As the U.S. becomes more diverse, it will be increasingly important to consider how to identify people’s identities, particularly among multiracial people. The census projects that people of color will account for over half of the population by 2050 with the largest growth occurring among people who identify as Asian or Hispanic. This shift underscores the importance of refining racial and ethnic categories to capture the complexity of modern identities. Continued adaptation of data collection and reporting methods will be important for reflecting experiences among multiracial people.
Continued efforts to further disaggregate racial and ethnic data may be important for guiding efforts to address health and health disparities. Significant data gaps persist for smaller groups, including AIAN and NHPI people, with very limited information available for subgroups of these populations. Moreover, Asian and Hispanic people are often treated as monolithic in policy discussions, but the diversity in experiences among these groups is vast, encompassing differences in national origin, language, immigration status, and socioeconomic factors that all influence health. Disaggregating data by subgroup can allow for more nuanced understanding of the challenges faced by specific groups and facilitate tailored efforts to address them. For example, the health care experiences of Asian immigrants vary in meaningful ways due to the intersections of race and ethnicity, national origin, income, and other factors that may impact access to health care services. Moreover, data are often key for justifying allocation of resources toward specific communities or groups.
Increased recognition of the intersectional nature of people’s identities and other factors that may affect their health and health care experiences may also have important implications for efforts to address disparities. For example, the combination of race, ethnicity, and gender, highlights disproportionate discrimination for certain groups.

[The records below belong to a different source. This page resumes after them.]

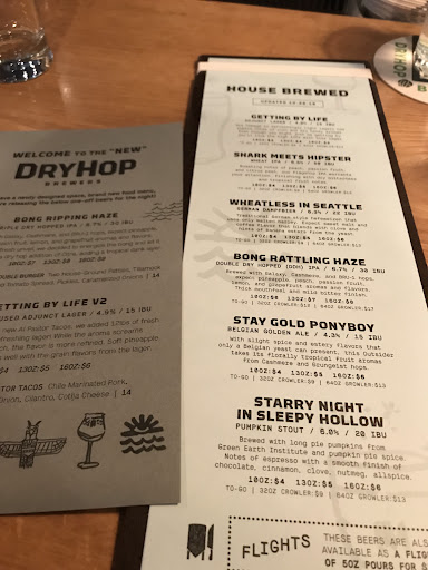 DryHop offers a conflicting experience. To elaborate, the food and beer offerings are fantastic. My fiance and I arrived around 4pm on a Monday night during a holiday weekend and there was a vast array of beers (brewery specific and guest draughts) to choose from. We stuck to the DryHop beers are we were very please with the taste and pricing of the beers. For our food options, we did their Monday night special which is a burger, beer, and a shot of bourbon for $15. The burger is one of the better burgers I've had in the Lakeview neighborhood, and days later I'm still relishing in the flavor of the burger. The combination of the raw cheddar and their house blend of meat was fantastic, and we chose to spruce it up with a crispy heap of bacon. The fries were a little disappointing, a tad overdone and kind of bland (outside of the heavy dusting of salt), but the aioli sauce helped to stomach the fries. My issues with DryHop come with the service. It was absolutely abysmal and it is probably the reason why I won't be back to DryHop for any reason but to fill up a growler. We were promptly seated, but it took our waitress a solid 10 or so minutes to come and greet us, which was odd given the fact there were three servers for the 10-15 table offering which was about 80% full. We put in our beer order and it took another 10 or so minutes for our beers to arrive. We stated that we didn't want to put in our food order for another hour, which apparently meant to the waitress that we didn't want to drink in the time frame either, as our first beer glasses went empty, along with our water bottle. Around 5pm our waitress came by and said she was transitioning us to a new waitress who would take care of us. The waitress also subjected us to the ignoring routine, resulting in us only having two beers and our burgers by the time we left around 6pm. I was absolutely appalled by the service given the size of the restaurant and the ample staffing. The atmosphere was what you'd expect of a brewpub, a huge focus on the brewing tanks and an impressive bar with the respective tap handles and liquor shelving. I'd recommend sitting at the bar or just stopping in for a...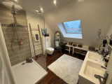 A l'étage : un palier distribue 3 belles chambres, une pièce dressing (possible chambre), et deux salle d'eau impeccables avec parquet pont de bâteau et WC.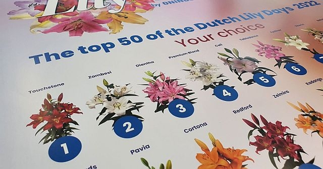 W efekcie, powstał liliowy Top 50, który w 2022 roku otwierają dwa mieszańce OT hodowli firmy Mak Breeding – Touchstone oraz Zambesi (biała odmiana, zwyciężczyni rankingu w 2018 r.). Na trzecim miejscu uplasowała się lilia orientalna Diantha – o pełnych różowych kwiatach, hodowli przedsiębiorstwa Gebr. Vletter & Den Haan. Kolejne kilka pozycji zajęły odmiany: Premium Blond (biała, OR, Mak Breeding), Cali (jasnoróżowa, OL, Marklily), Tabledance (różowa, OT, Mak Breeding), Eyeliner (biała z obwódką, LA, Marklily), Siberia (biała, OR, Mak Breeding).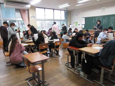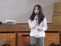 ボランティア委員会の発表は、今年度の活動のぎく荘への訪問、赤い羽根共同募金、書き損じはがきの寄付等の成果でした。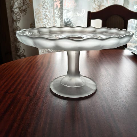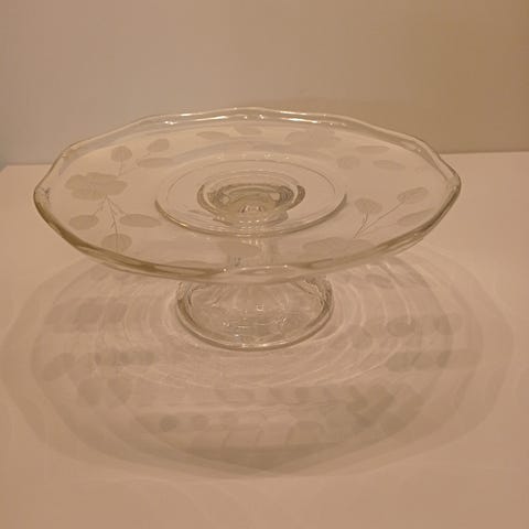 Kaunis lasinen, kukkakuvioinen kakkuvati. Korkeus 10cm ja n. 27cm kakulle. Lähetän nopeasti ja pakkaan hyvin, tulee takuulla ehjänä perille.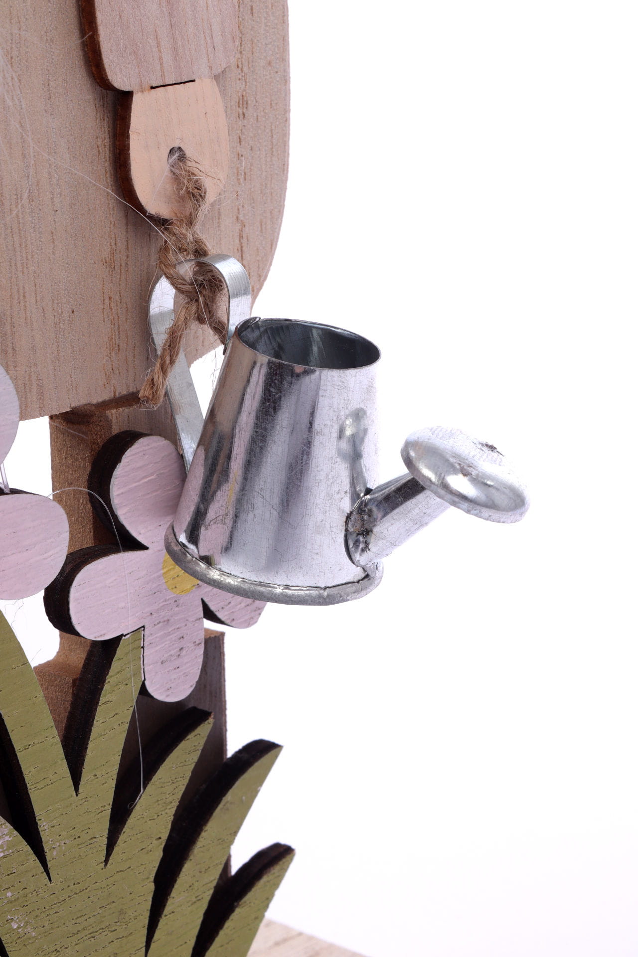 Dekoracyjna figurka wiosenna przedstawiająca skrzata ogrodnika z konewką. Całość znajduje się na stabilnej podstawce. Dekoracja wykonana została z drewna oraz pomalowana w przyjemnych wiosennych barwach. Ciekawym akcentem jest metalowa konewka oraz wzorzysta czapka skrzata.

Large federal surveys collect demographic and social data, including race and/or ethnicity, gender, educational attainment, and income that can allow researchers to examine how intersectional social and economic factors shape people’s health and experiences. However, in some cases, data are limited to examine experiences by multiple factors. Beyond an individual’s racial or ethnic identity, other factors that are less routinely collected in surveys, such as self-perceived skin color, can also influence their experiences. Socially-assigned race—that is the race that others perceive someone to be—may also be a factor. For example, studies have found that Hispanic or Latino individuals who are socially perceived as White report better health outcomes than those who are perceived as Hispanic or Latino. As efforts to address health disparities continue and evolve, it will be important to consider how these other factors influence people’s experiences and outcomes.
Appendix: Examples of Race and/or Ethnicity Questions Consistent with Revised OMB Standards
Source: Office of Management and Budget, Revisions to OMB’s Statistical Policy Directive No. 15: Standards for Maintaining, Collecting, and Presenting Federal Data on Race and Ethnicity
Source: Office of Management and Budget, Revisions to OMB’s Statistical Policy Directive No. 15: Standards for Maintaining, Collecting, and Presenting Federal Data on Race and Ethnicity
Endnotes
Between 1790 and 1840 only the heads of free households appeared in early census records, enslaved people were not recorded by name, age, sex, or origin. They only included additional demographic data on White people.